We're going through another spate of memorials again. We've already had a third opinion. It will be necessary to escalate if the editor persists in re-adding these names. Please stop.
Student7 (
talk)
20:19, 8 April 2009 (UTC)reply
The editor contacted me on my discussion page and pointed out that the proscription against "friends and relatives" didn't apply since the people commemorated didn't fall into those two categories. Actually, the intent was to remove all people that are
WP:NN from Wikipedia. It is an encyclopedia not a memorial or a blog. There are other sites for that. I've been told that there is one on facebook and a completely separate wiki for memorials. That is where they belong.
The articles on Corrections have been little read, the reason this has persisted for this long. I've pointed out the problem to the admins and edited a few articles. I've suggested language changes to the policy to avoid confusion in the future.
In the best of all possible worlds they will write a bot to edit the Corrections articles back the way they should be. But I suspect we will have to do it all by hand and endlessly argue over a policy that everyone else beyond this category article understands completely. Sorry about the misunderstanding.
Student7 (
talk)
12:08, 9 April 2009 (UTC)reply
Just fixed them myself. The larger states, of course, had none since it would have taken a whole new article! Kind of begs the question.
They settled this a long time ago with the victims of 9/11 when they decided not to mention them in here. Some editors got quite excited about that at the time.

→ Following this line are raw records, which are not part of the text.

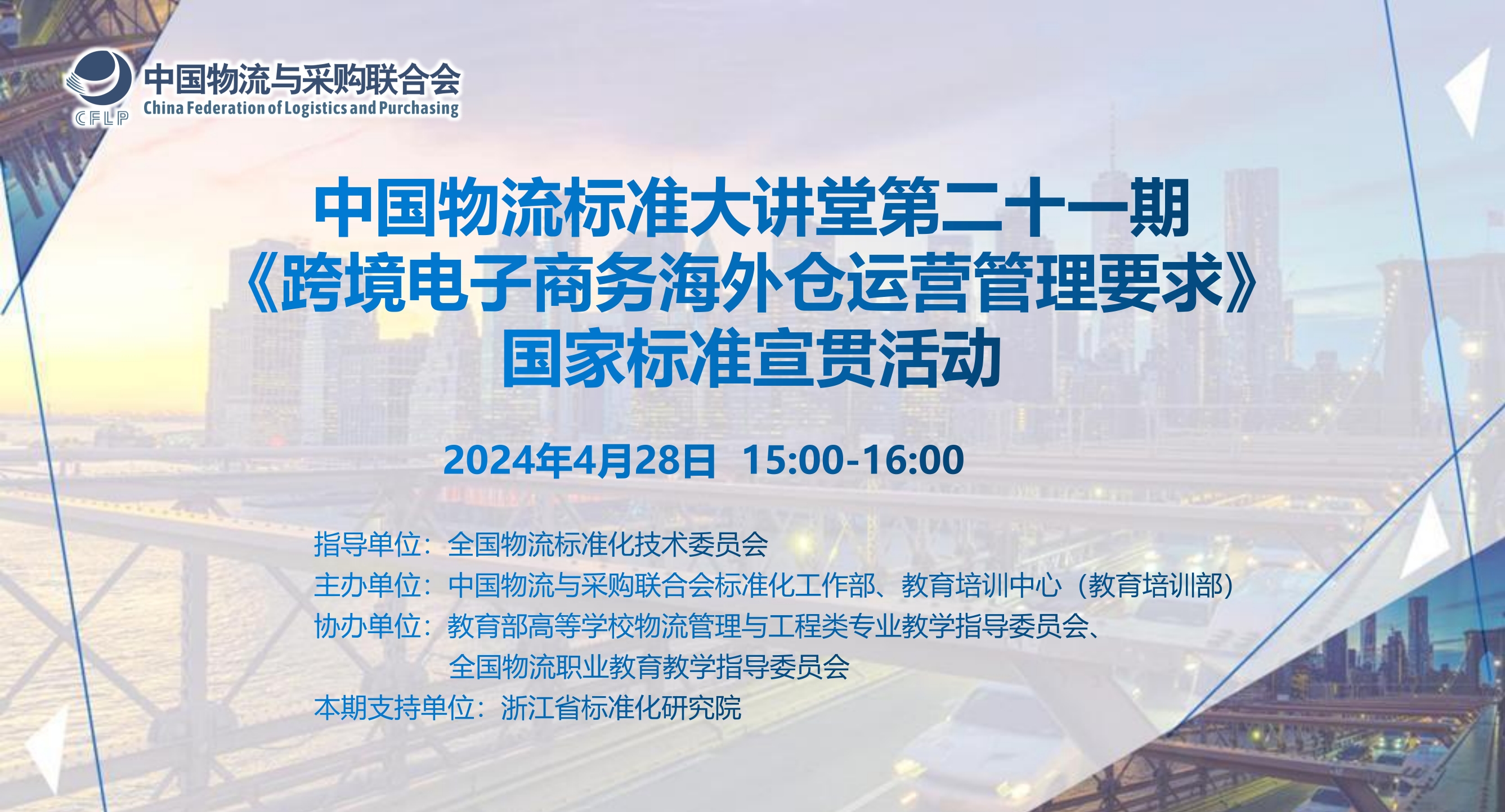2024年4月28日,“中國物流標準大講堂21期:《跨境電子商務海外倉運營管理要求》標準宣貫”通過線上方式成功舉辦,近 1000人參加了宣貫活動。
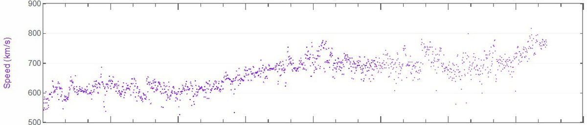 Скорость солнечного ветра сейчас превышает 770 километров в секунду, обычно этот показатель ниже 500 километров в секунду. Именно солнечный ветер и его заряженные частицы «надувают» магнитные бури — мощных вспышек на Солнце с корональными выбросами массы сейчас нет.
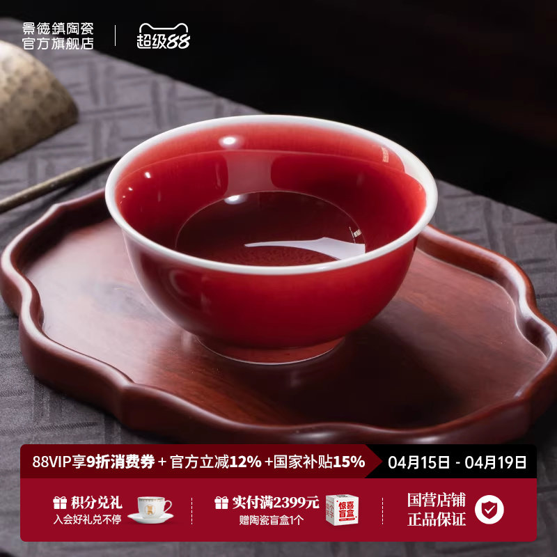 景德镇官方陶瓷郎红主人杯茶具家用茶杯新婚送礼个人专用杯送长辈
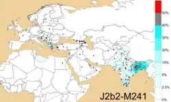The Haplogroup R2 is mainly restricted to various populations of South Asia, in addition to some populations of South Central Asia, Middle East, Asia Minor and the Caucasus where it is observed in low frequencies.[12] R2 has higher frequency among the speakers of the Indo-Aryan languages as compared to Dravidian speakers of South India.[8]
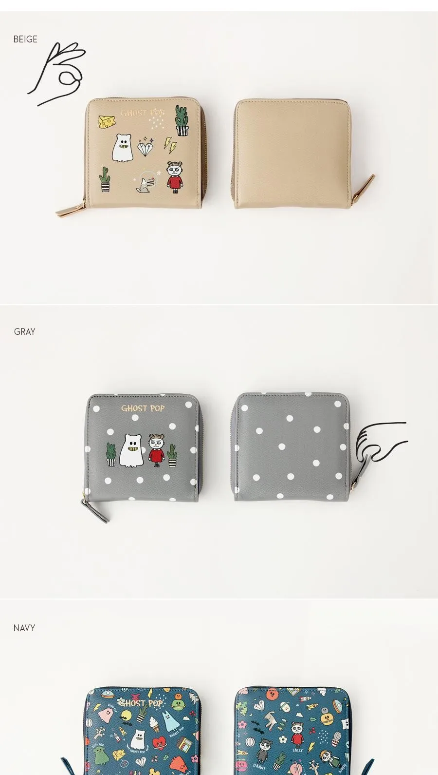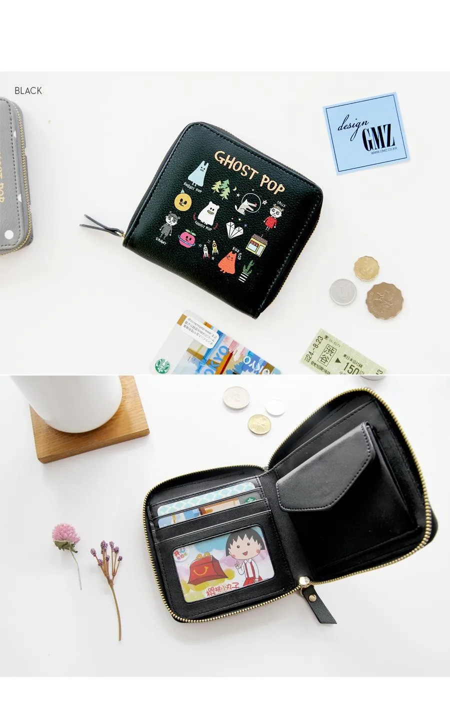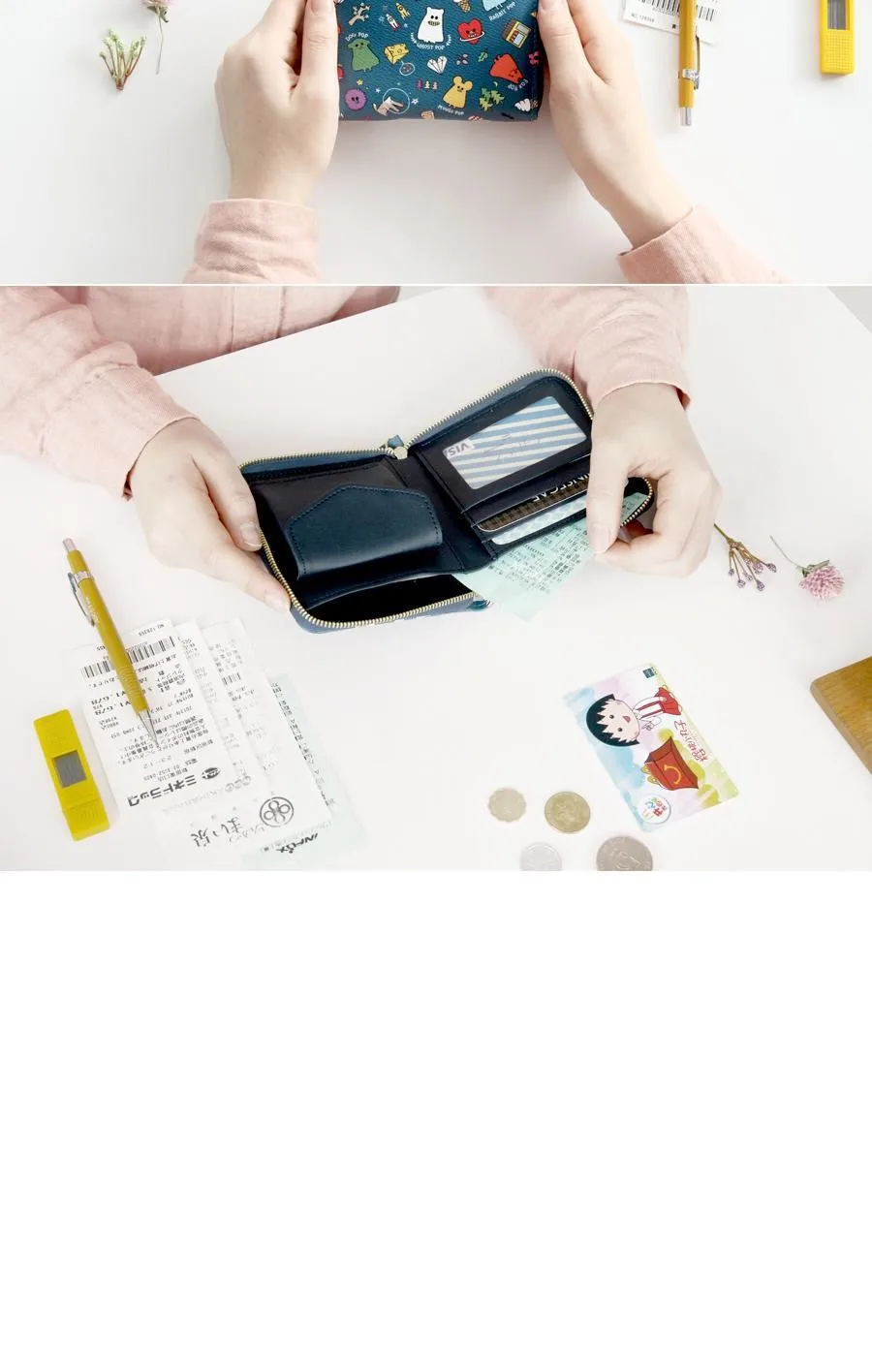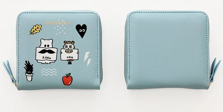 Cute Cartoon Printed Short Purses Dollar Price Card Holder Carteira Feminina PU Leather Zipper Coin Female Purse Black Beige
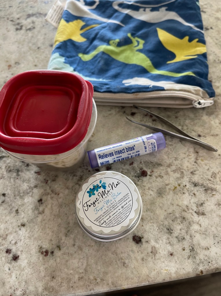 I’ve resorted to making myself a grab-and-go tick kit. It goes to baseball practice, picnics, and every park play date. Here’s what’s in it…
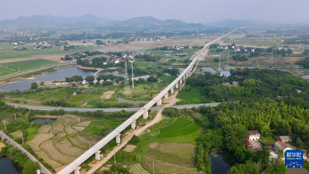 建設(shè)中的銅陵江北港鐵路專用線(5月26日攝,無人機(jī)照片)。
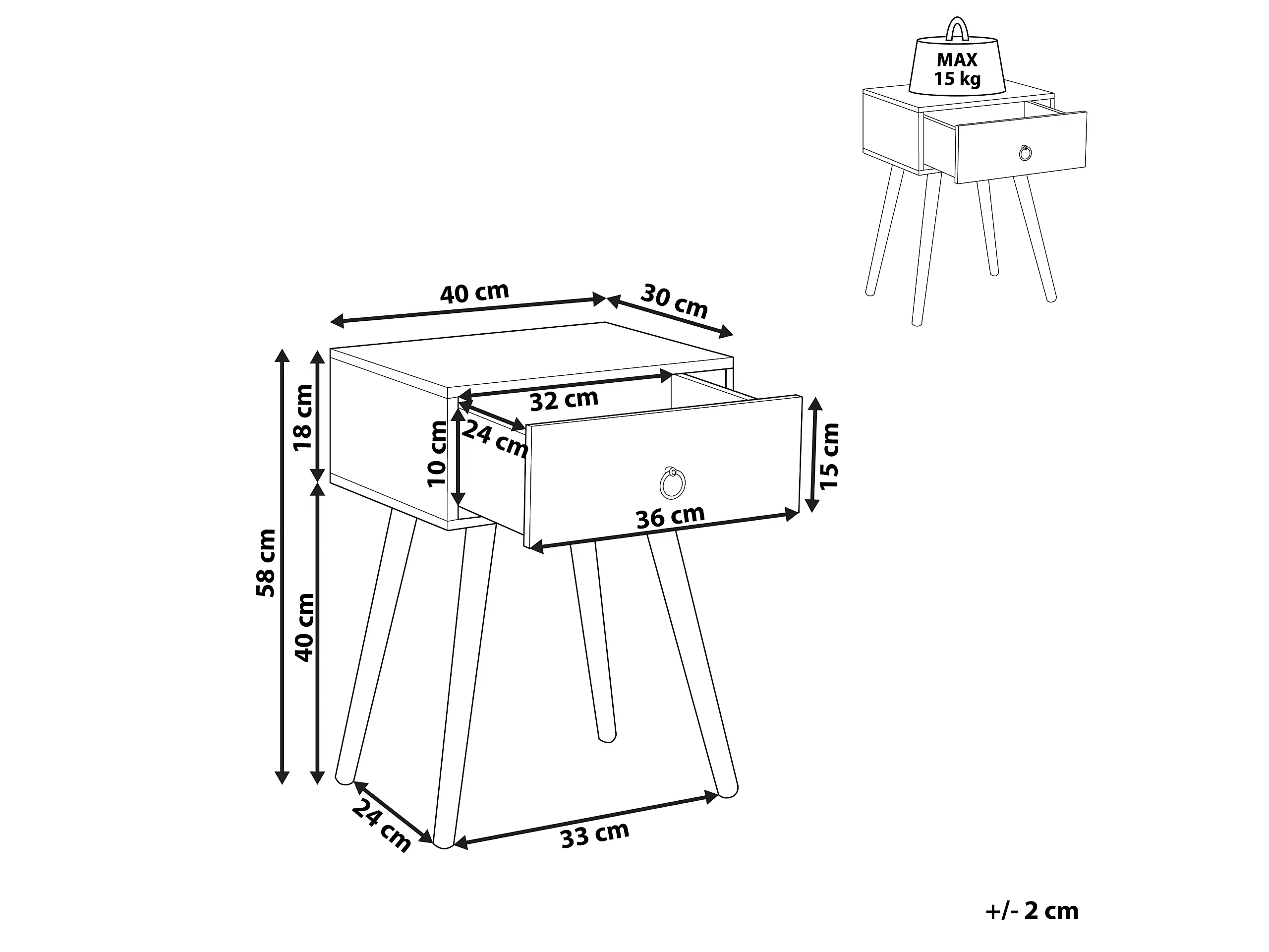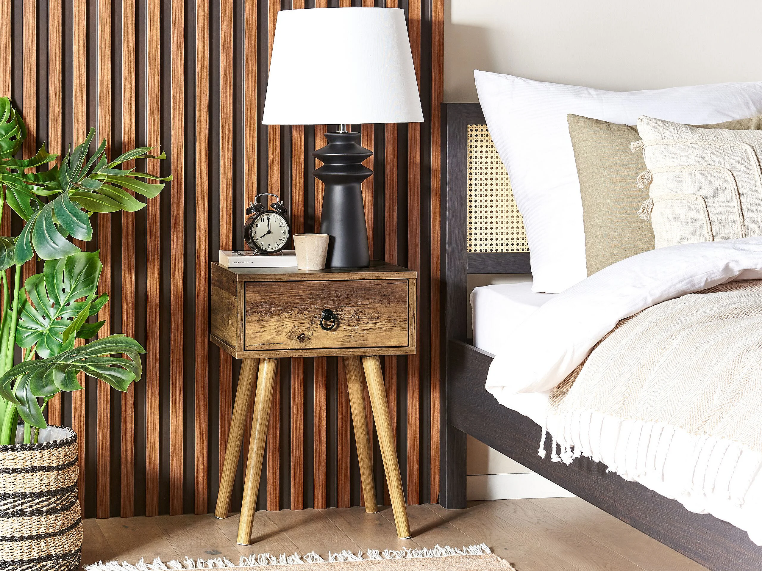 Mesa de noche de 1 cajón Madera oscura BATLEY
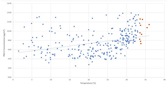 Daily ≤2.5 μm particulate matter (PM2.5) averages plotted against daily temperature (°C) averages from February 14 to November 14, 2019. The overall trend exhibited a weak positive correlation (R = 0.35). However, a distinct cluster of consistently high PM2.5 values occurred on the hottest days of the year (depicted in red), while cooler days exhibited highly scattered PM2.5 readings. The mean PM2.5 values were significantly higher (t(9) = 3.89; p < 0.01) on the ten hottest days (10.10 μg/m3) than for the total 2019 record (7.60 μg/m3).
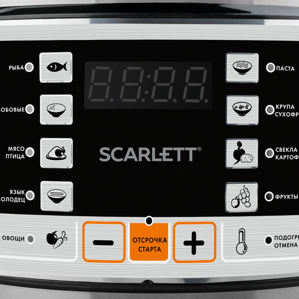 В мультиварке-скороварке SC-MC410Р02 есть программа Отсрочка старта 24 часа для приготовления Ваших любимых блюд к заданному времени: просто выложите нужные продукты в чашу, установите время, и готовое блюдо будет радовать Вас на завтрак, обед или ужин.
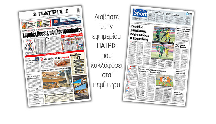 Διαβάστε στο πρωτοσέλιδο της εφημερίδας ΠΑΤΡΙΣ της Παρασκευής 28 Αυγούστου 2020 που κυκλοφορεί στα περίπτερα:
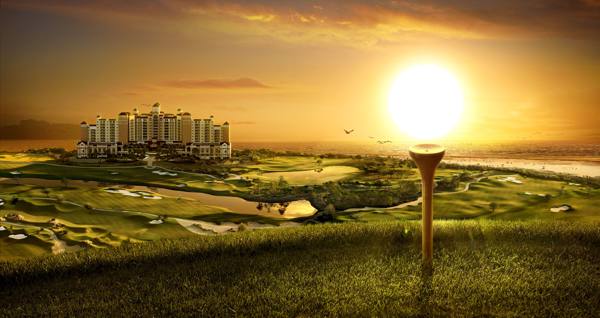 This picture is just beautiful, you have this amazing 5 star hotel in the back with a full scale golf coarse in its backyard, and this awesome sunset just makes everything so much better.
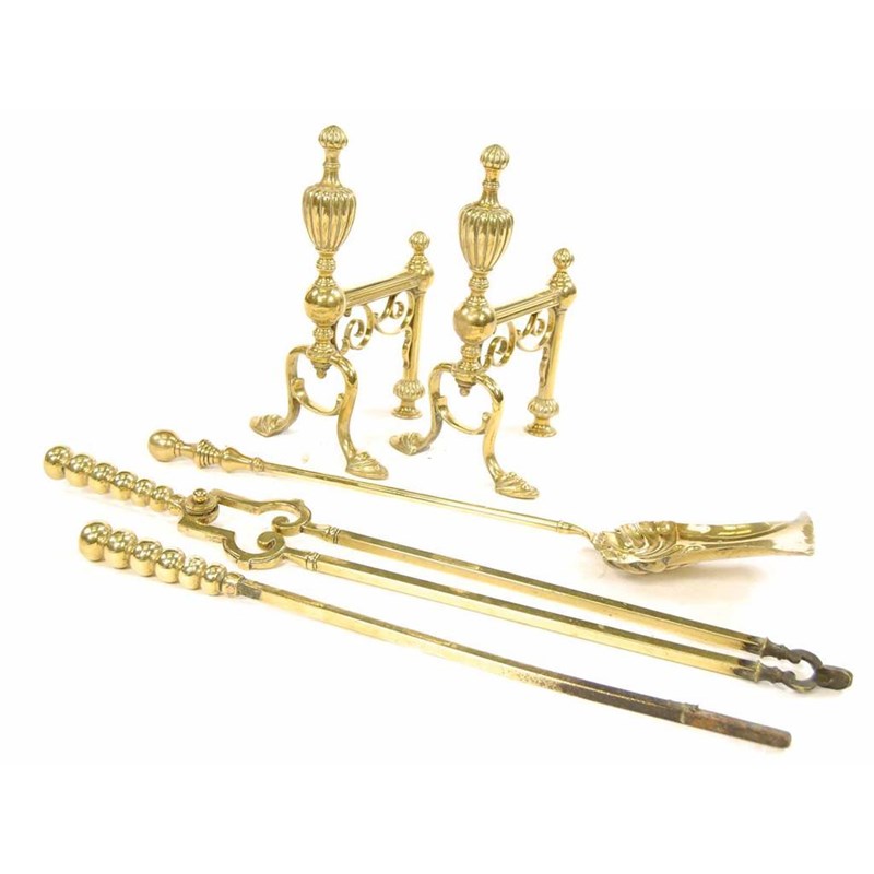 A pair of brass fire dogs, 13.5in (34.3cm) h, 8in (20cm) l, and a harlequin set of brass fire tools, 29in (73.2cm) l. (5)

Some editor set up format in one DOC article and it was copied to other article with the names from a nationwide database. Maybe just one or two editors doing them all.
Student7 (
talk)
12:41, 9 April 2009 (UTC)reply
We've been talking about such lists. I suppose these should go into a separate list/article someplace and be, in turn, linked to by other "human services/vt state" articles? Too long for specfic articles, which, I presume, is why the editor placed them here instead.